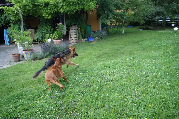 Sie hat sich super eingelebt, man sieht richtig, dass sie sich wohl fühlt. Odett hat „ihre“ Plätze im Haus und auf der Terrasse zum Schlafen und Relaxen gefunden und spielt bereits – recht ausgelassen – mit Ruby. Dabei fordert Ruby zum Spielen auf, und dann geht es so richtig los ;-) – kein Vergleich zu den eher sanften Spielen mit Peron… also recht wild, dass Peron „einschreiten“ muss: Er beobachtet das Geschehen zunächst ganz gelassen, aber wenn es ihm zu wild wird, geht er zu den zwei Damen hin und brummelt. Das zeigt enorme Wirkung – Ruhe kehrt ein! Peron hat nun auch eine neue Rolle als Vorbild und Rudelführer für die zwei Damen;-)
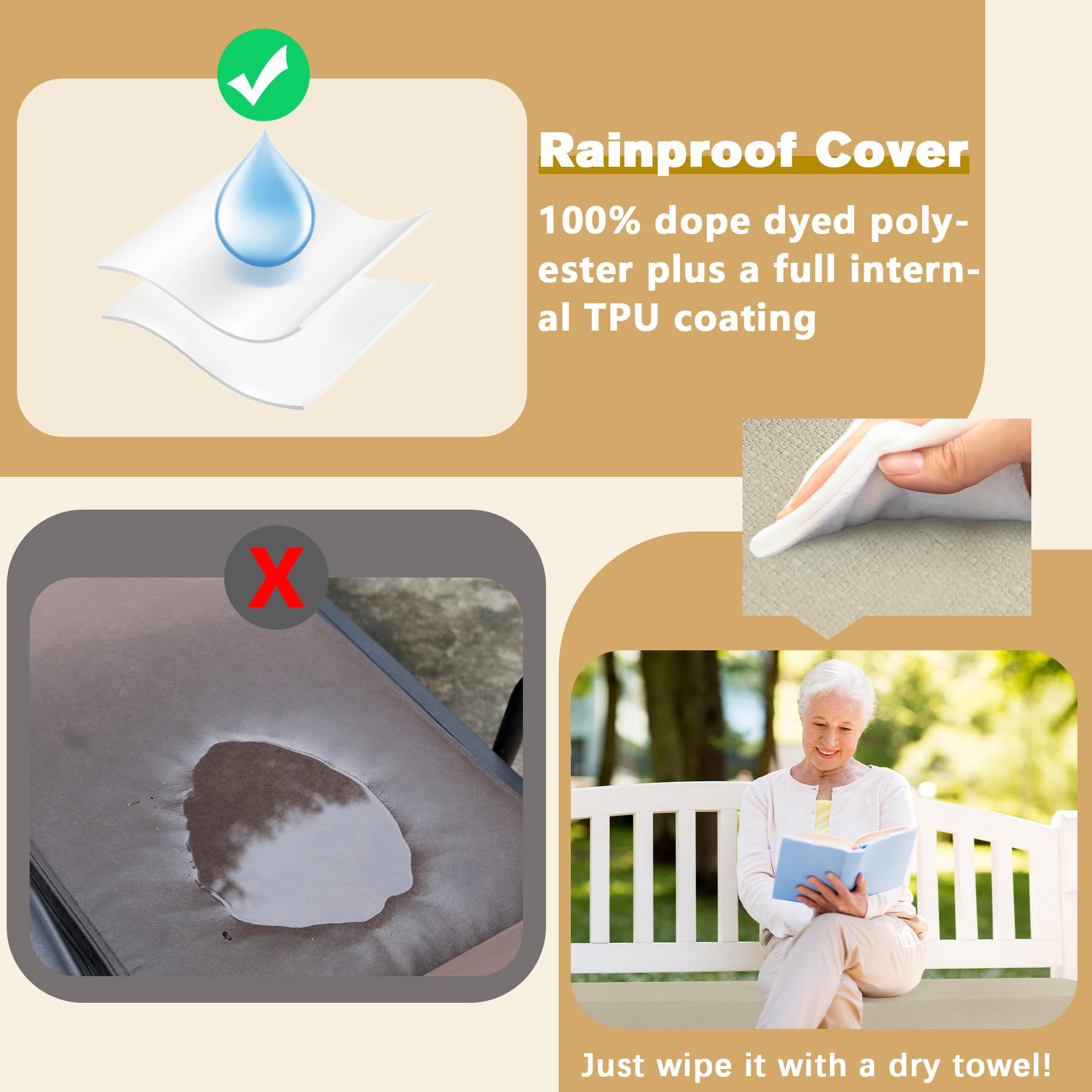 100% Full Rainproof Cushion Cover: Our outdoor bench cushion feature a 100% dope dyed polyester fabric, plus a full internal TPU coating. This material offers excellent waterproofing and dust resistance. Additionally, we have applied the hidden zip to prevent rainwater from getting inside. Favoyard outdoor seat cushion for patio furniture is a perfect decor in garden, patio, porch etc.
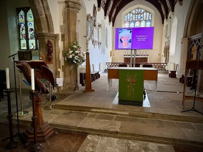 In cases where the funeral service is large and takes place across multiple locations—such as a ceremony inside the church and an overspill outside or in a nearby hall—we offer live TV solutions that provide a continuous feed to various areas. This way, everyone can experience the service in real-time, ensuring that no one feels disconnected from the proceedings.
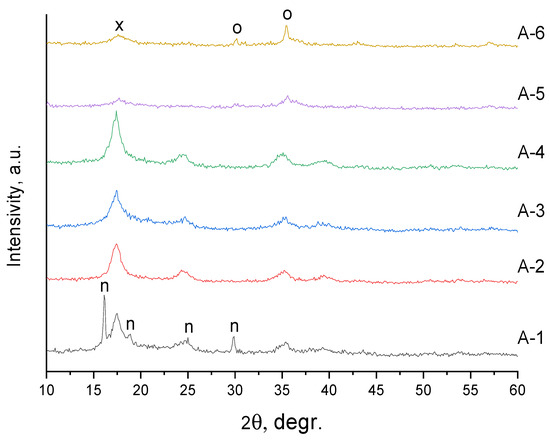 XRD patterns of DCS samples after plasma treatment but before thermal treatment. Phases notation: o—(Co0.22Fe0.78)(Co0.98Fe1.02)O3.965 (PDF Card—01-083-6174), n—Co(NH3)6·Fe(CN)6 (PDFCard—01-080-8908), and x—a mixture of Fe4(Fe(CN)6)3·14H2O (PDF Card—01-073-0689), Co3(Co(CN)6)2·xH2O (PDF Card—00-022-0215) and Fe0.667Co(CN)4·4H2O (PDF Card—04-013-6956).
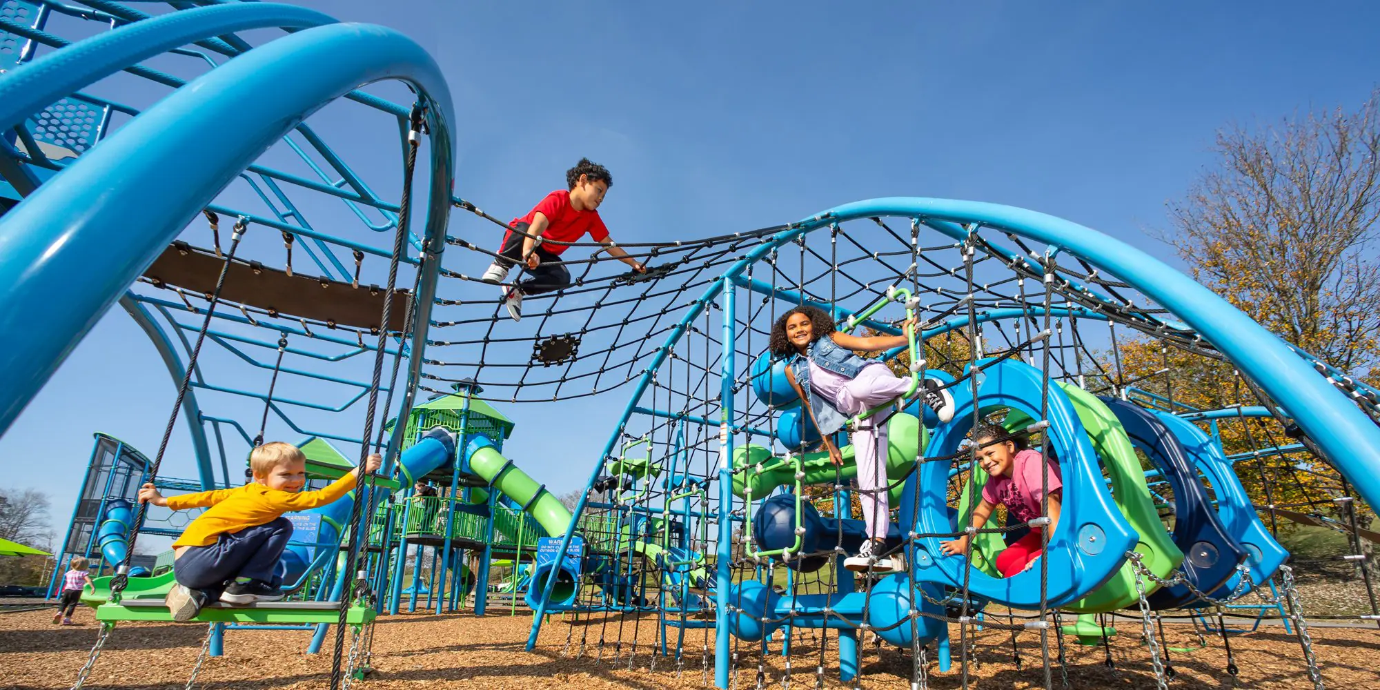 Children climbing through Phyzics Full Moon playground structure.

|---|

Reproduce each line of the records exactly, and omit every picture.

Response for this exercise
 Sie hat sich super eingelebt, man sieht richtig, dass sie sich wohl fühlt. Odett hat „ihre“ Plätze im Haus und auf der Terrasse zum Schlafen und Relaxen gefunden und spielt bereits – recht ausgelassen – mit Ruby. Dabei fordert Ruby zum Spielen auf, und dann geht es so richtig los ;-) – kein Vergleich zu den eher sanften Spielen mit Peron… also recht wild, dass Peron „einschreiten“ muss: Er beobachtet das Geschehen zunächst ganz gelassen, aber wenn es ihm zu wild wird, geht er zu den zwei Damen hin und brummelt. Das zeigt enorme Wirkung – Ruhe kehrt ein! Peron hat nun auch eine neue Rolle als Vorbild und Rudelführer für die zwei Damen;-)
 100% Full Rainproof Cushion Cover: Our outdoor bench cushion feature a 100% dope dyed polyester fabric, plus a full internal TPU coating. This material offers excellent waterproofing and dust resistance. Additionally, we have applied the hidden zip to prevent rainwater from getting inside. Favoyard outdoor seat cushion for patio furniture is a perfect decor in garden, patio, porch etc.
 In cases where the funeral service is large and takes place across multiple locations—such as a ceremony inside the church and an overspill outside or in a nearby hall—we offer live TV solutions that provide a continuous feed to various areas. This way, everyone can experience the service in real-time, ensuring that no one feels disconnected from the proceedings.
 XRD patterns of DCS samples after plasma treatment but before thermal treatment. Phases notation: o—(Co0.22Fe0.78)(Co0.98Fe1.02)O3.965 (PDF Card—01-083-6174), n—Co(NH3)6·Fe(CN)6 (PDFCard—01-080-8908), and x—a mixture of Fe4(Fe(CN)6)3·14H2O (PDF Card—01-073-0689), Co3(Co(CN)6)2·xH2O (PDF Card—00-022-0215) and Fe0.667Co(CN)4·4H2O (PDF Card—04-013-6956).
 Children climbing through Phyzics Full Moon playground structure.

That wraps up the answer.